Sony A7R IV Quick Thoughts
The Sony A7R IV seems improved in every way in terms of the camera itself: better button feel, best EVF for manual focus in ANY camera I’ve yet used—awesome! Operational speed is improved but still a bit sluggish to do things like zoom into a recorded image, though scrolling is very fast.
One thing I’ve learned is that even some very good lenses are going to struggle with the sensor resolution of the Sony A7R IV! Color fringing shows up in unexpected places, like the Voigtlander 110mm f/2.5 APO-Lanthar.

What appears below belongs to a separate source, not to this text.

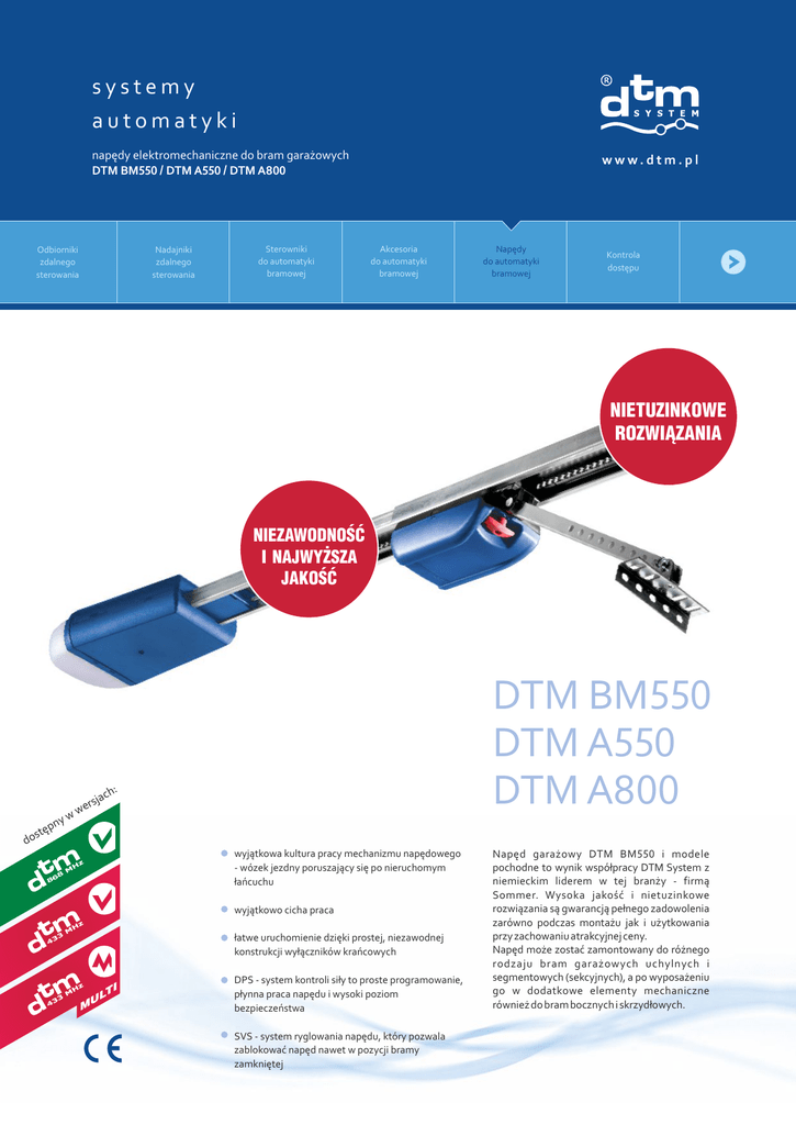 systemy automatyki napędy elektromechaniczne do bram garażowych DTM BM550 / DTM A550 / DTM A800 Odbiorniki zdalnego sterowania Nadajniki zdalnego sterowania Sterowniki do automatyki bramowej www.dtm.pl Akcesoria do automatyki bramowej Napędy do automatyki bramowej Kontrola dostępu NIETUZINKOWE ROZWIĄZANIA NIEZAWODNOŚĆ I NAJWYŻSZA JAKOŚĆ DTM BM550 DTM A550 DTM A800 h: jac yw rs we pn ę ost d wyjątkowa kultura pracy mechanizmu napędowego - wózek jezdny poruszający się po nieruchomym łańcuchu 8 86 wyjątkowo cicha praca łatwe uruchomienie dzięki prostej, niezawodnej konstrukcji wyłączników krańcowych M TI UL DPS - system kontroli siły to proste programowanie, płynna praca napędu i wysoki poziom bezpieczeństwa SVS - system ryglowania napędu, który pozwala zablokować napęd nawet w pozycji bramy zamkniętej Napęd garażowy DTM BM550 i modele pochodne to wynik współpracy DTM System z niemieckim liderem w tej branży - firmą Sommer. Wysoka jakość i nietuzinkowe rozwiązania są gwarancją pełnego zadowolenia zarówno podczas montażu jak i użytkowania przy zachowaniu atrakcyjnej ceny. Napęd może zostać zamontowany do różnego rodzaju bram garażowych uchylnych i segmentowych (sekcyjnych), a po wyposażeniu go w dodatkowe elementy mechaniczne również do bram bocznych i skrzydłowych. DTM BM550 / DTM A550 / DTM A800 napędy elektromechaniczne do bram garażowych DTM BM550 / DTM A550 / DTM A800 Parametry podstawowe zasilanie: klasa ochrony: intensywność pracy: temperatura pracy: zabezpieczenie termiczne: wbudowane oświetlenie / czas świecenia: wbudowane wyłączniki krańcowe: poziom hałasu generowany przez napęd: długość szyny jezdnej: maksymalna wysokość bramy segmentowej / uchylnej: 230VAC / 50Hz IP-20 15% -20 °C do +60°C 140°C 32,5V 34W / 15s mechaniczne, regulowane w szynie jezdnej 75dBA szyna łączona z solidnych i precyzyjnych elementów o łącznej długości 2550mm 2300 / 2550mm Parametry wyróżniające DTM BM550 i DTM A550 maksymalna / nominalna siła uciągu: maksymalna powierzchnia bramy: maksymalna szerokość bramy: pobór prądu: pobór mocy / pobór mocy w spoczynku: maksymalna prędkość ruchu bramy: 550N / 165N 8,25m2 3500mm 0,7A 60-220W (140W przy 165N) / 7W 160mm/s Parametry wyróżniające DTM A800 maksymalna / nominalna siła uciągu: maksymalna powierzchnia bramy: maksymalna szerokość bramy: pobór prądu: pobór mocy / pobór mocy w spoczynku: maksymalna prędkość ruchu bramy: 800N / 240N 12,6m2 6000mm 0,8A 80-450W (160W przy 240N) / 2W 150mm/s Parametry sterowania radiowego serii DTM433MHz / DTM868MHz moduł radiowy: zabezpieczenie transmisji: rodzaj modulacji, częstotliwość: antena: pojemność pamięci: możliwość kasowania całej pamięci: możliwość kasowania pojedynczego pilota: możliwość wpisania pilota bez konieczności dostępu do sterownika: blokada zdalnego dopisywania: zintegrowany, superheterodynowy, zapewniający wysoką niezawodność 64-bit KeeLoq® / 104-bit IRS ASK, 433MHz / FSK, 868MHz wewnętrzna (złącze w sterowniku do podłączenia anteny zewnętrznej) 35 pilotów serii DTM433MHz lub DTM868MHz tak tak, konieczność posiadania usuwanego pilota tak, funkcja zdalnego dopisywania pilota - tylko piloty DTM System tak Parametry funkcjonalne interfejs użytkownika: mechanizm napędowy: możliwość ręcznego otwarcia / zamknięcia i zaryglowania bramy: potrzeba dodatkowego ryglowania bramy: programowanie siły sterownika: możliwość podłączenia dodatkowych akcesoriów: sterowanie z przycisku typu NO: sterownik: wbudowana lampa sygnalizacyjno-oświetleniowa: bezpieczeństwo: możliwość zastosowania do bram różnych producentów: zabezpieczenie przed zgnieceniem: programowanie funkcji wejścia dodatkowego: tryby pracy wbudowanej lampy: funkcja "skok w tył" po zamknięciu: funkcja zamknij / otwórz na osobnych przyciskach: otwarcie częściowe bramy: w oparciu o diody LED, przyciski typu SWITCH i opcjonalnie DIP-SWITCH wózek jezdny z silnikiem tak, również w pozycji bramy zamkniętej nie, mechanizm samohamowny układ elektroniczny DPS - precyzyjnie dobrane parametry elektryczne zapewniające szybką, cichą pracę z łagodnym startem i zatrzymaniem tak, fotokomórki, w DTM A550/A800 dodatkowo lampa 24V max. 1A tak, w standardzie przycisk naścienny i podłączony do sterownika przewód o długości 5 metrów wtykowa płyta sterownicza ze zintegrowanym odbiornikiem radiowym tak spełnia wymagania restrykcyjnej normy europejskiej PN-EN 12453:2002 w zakresie bezpieczeństwa użytkowania bram z napędem certyfikaty zgodności z bramami znanych producentów wyjątkowo czuły, szybki, elektroniczny mechanizm wykrywania przeszkody, cofający o 100mm i zatrzymujący bramę (w DTM A550/A800 mozna włączyć funkcję całkowitego otwarcia bramy) zatrzymanie przy otwieraniu, cofnij lub powrót po foto, jako wejście C2, (funkcje dostępne tylko w modelach DTM A550/A800) miga lub świeci, świecenie wstępne (tylko modele DTM A550/A800) tak, od 1 do 5mm (tylko modele DTM A550/A800) tak, C1 - otwórz, C2 - zamknij (tylko modele DTM A550/A800) tak (tylko modele DTM A550/A800) Dostępne akcesotria: okucie do bramy segmentowej regulowane, wysprzęglenie kluczykowe z linką, cięgno Bowdena, podwieszenie sufitowe, przedłużenie prowadnicy 800mm, mocowanie sufitowe, żarówka 32,5V/34W. Więcej informacji udziela nasz dział handlowy. systemy automatyki DTM System, ul. Brzeska 7, 85-145 Bydgoszcz tel./fax +48 52 340 15 83, e-mail: [email protected] www.dtm.pl
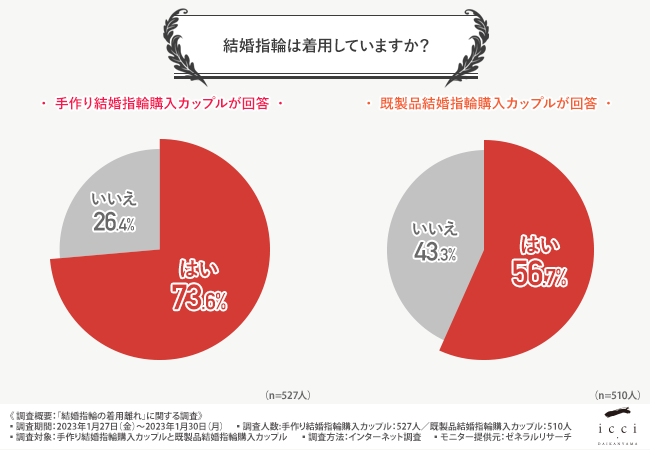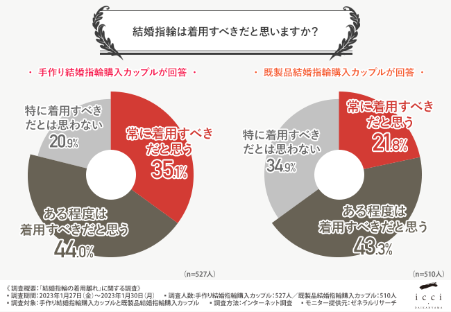 そこで今回、手作り結婚指輪・婚約指輪・ペアリング専門店『icci 代官山』を運営する株式会社一は、手作り結婚指輪購入カップルと既製品結婚指輪購入カップルを対象に、「結婚指輪の着用離れ」に関する調査を実施しました。

You will not get full resolution without focus stacking because depth of field relative to pixel size is substantially reduced. Which is awful in practice, because there is no automated focus stacking support on the A7R IV. The huge file sizes are ridiculous too—often larger than the lossless-compressed files with the 100MP Fujifilm GFX100, so much so that I anticipate running out of card space in the field with the A7R IV.
Sony 4-shot pixel shift remain a science fair project outside, even for static subjects—checkerboarding is almost impossible to avoid, at least on all-critical edges. its 16-shot pixel shift mode is just lot of soft pixels often inferior to 4-shot mode—and both suck compared to Panasonic S1R Multi-Shot High-Res mode.